== WHAT THE EXERCISE ASKS ==
The line with "ZimmerFrei, W , installation" starts the range, and the last line of the listing ends it. Retype that range exactly, without pictures.

######

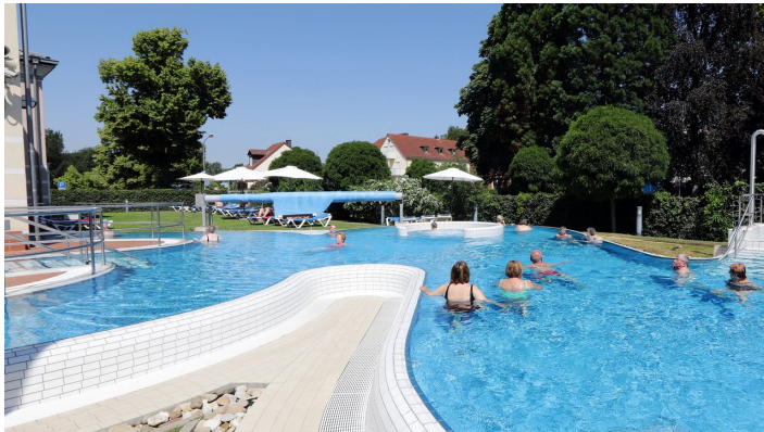
011HR - Bad König - Odenwald-Therme.JPG
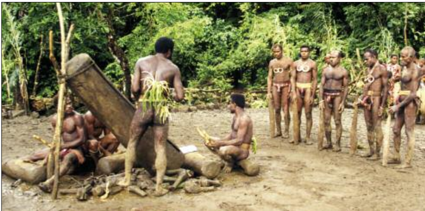
Grade-taking ceremony in Bunlap (South Pentecost)

In the islands of Pentecost, Ambae and Maewo the slit gong has preserved its original tie with graded societies, an institution still very much alive today. Among the attributes associated with certain grades are precisely certain drumming rhythms: these are always played on a group of several wooden drums of varying sizes [photo below]. In the
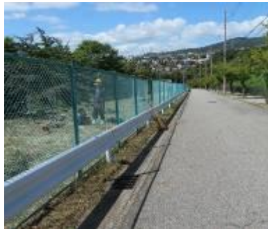
南斜面道路草刈り後
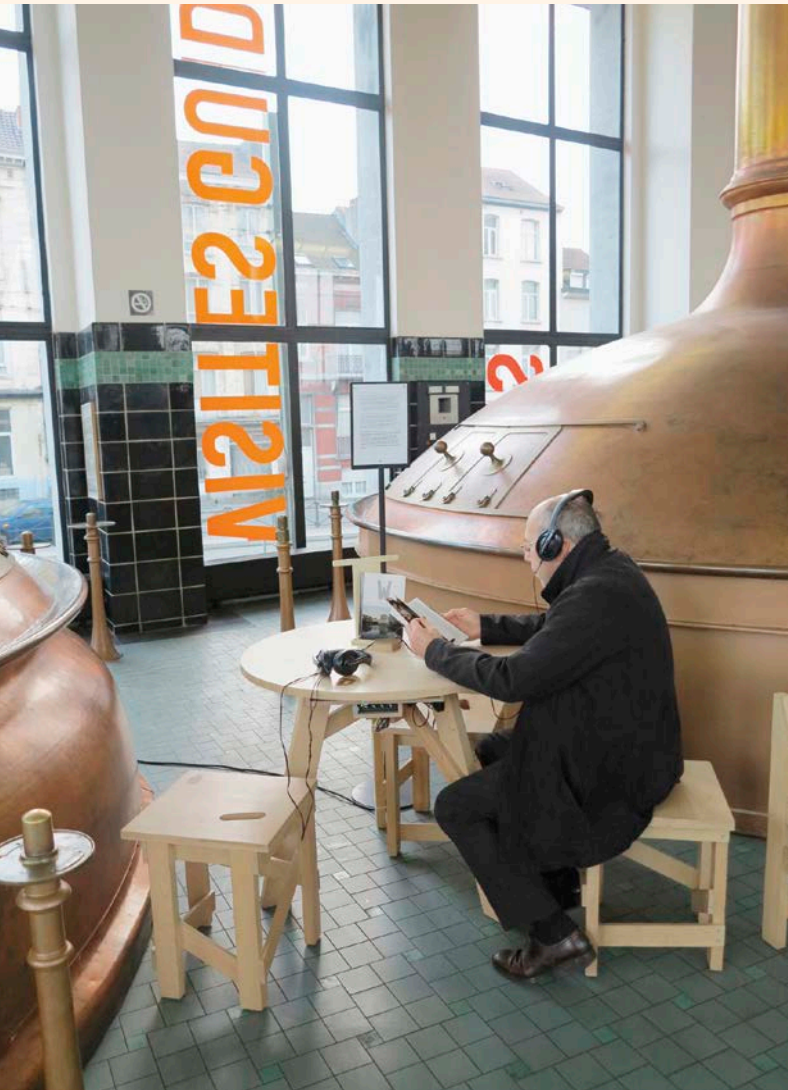
ZimmerFrei, W , installation sonore dans le hall d'entrée du WIELS/sound installation in the Lobby of WIELS, 2013.

accounts BNA-BBOT has collected are archived in a database along with a compilation of sounds of the city. All of these soundtracks are made available to the community, and artists can use them as creative material.
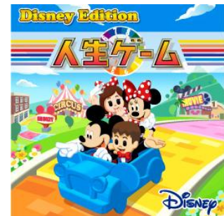
「人生ゲーム ディズニー版 お試しアプリ
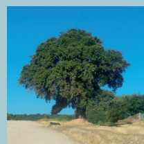
Encina la Jarderosa

También cabe destacar el sagrario de piedra, la capilla gótica lateral y el espectacular arco de piedra tallada de la puerta de entrada.
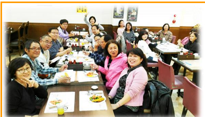
技術服務組全組同仁同聚歡慶尾牙

1 月 25 日下班後，全組同仁，除了支援農委會南向辦公室的萬博士之外，一位不缺的全員到齊，享受～點主食即有沙拉吧、水果、熟食、糕點、冰品吃到飽的年終尾牙盛宴！同仁們事先點好的排餐一一上菜，就算是素食的同仁也有不少菜餚是可以吃的，真是
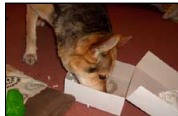
Dodatečně všechno nejlepší ke kulatinám! Dort sice bez svíček, za to ze samých psích dobrot. A talíř? Kdo by se zdržoval.

######

== ANSWER TO THE EXERCISE ==
ZimmerFrei, W , installation sonore dans le hall d'entrée du WIELS/sound installation in the Lobby of WIELS, 2013.

accounts BNA-BBOT has collected are archived in a database along with a compilation of sounds of the city. All of these soundtracks are made available to the community, and artists can use them as creative material.
「人生ゲーム ディズニー版 お試しアプリ
Encina la Jarderosa

También cabe destacar el sagrario de piedra, la capilla gótica lateral y el espectacular arco de piedra tallada de la puerta de entrada.
技術服務組全組同仁同聚歡慶尾牙

1 月 25 日下班後，全組同仁，除了支援農委會南向辦公室的萬博士之外，一位不缺的全員到齊，享受～點主食即有沙拉吧、水果、熟食、糕點、冰品吃到飽的年終尾牙盛宴！同仁們事先點好的排餐一一上菜，就算是素食的同仁也有不少菜餚是可以吃的，真是
Dodatečně všechno nejlepší ke kulatinám! Dort sice bez svíček, za to ze samých psích dobrot. A talíř? Kdo by se zdržoval.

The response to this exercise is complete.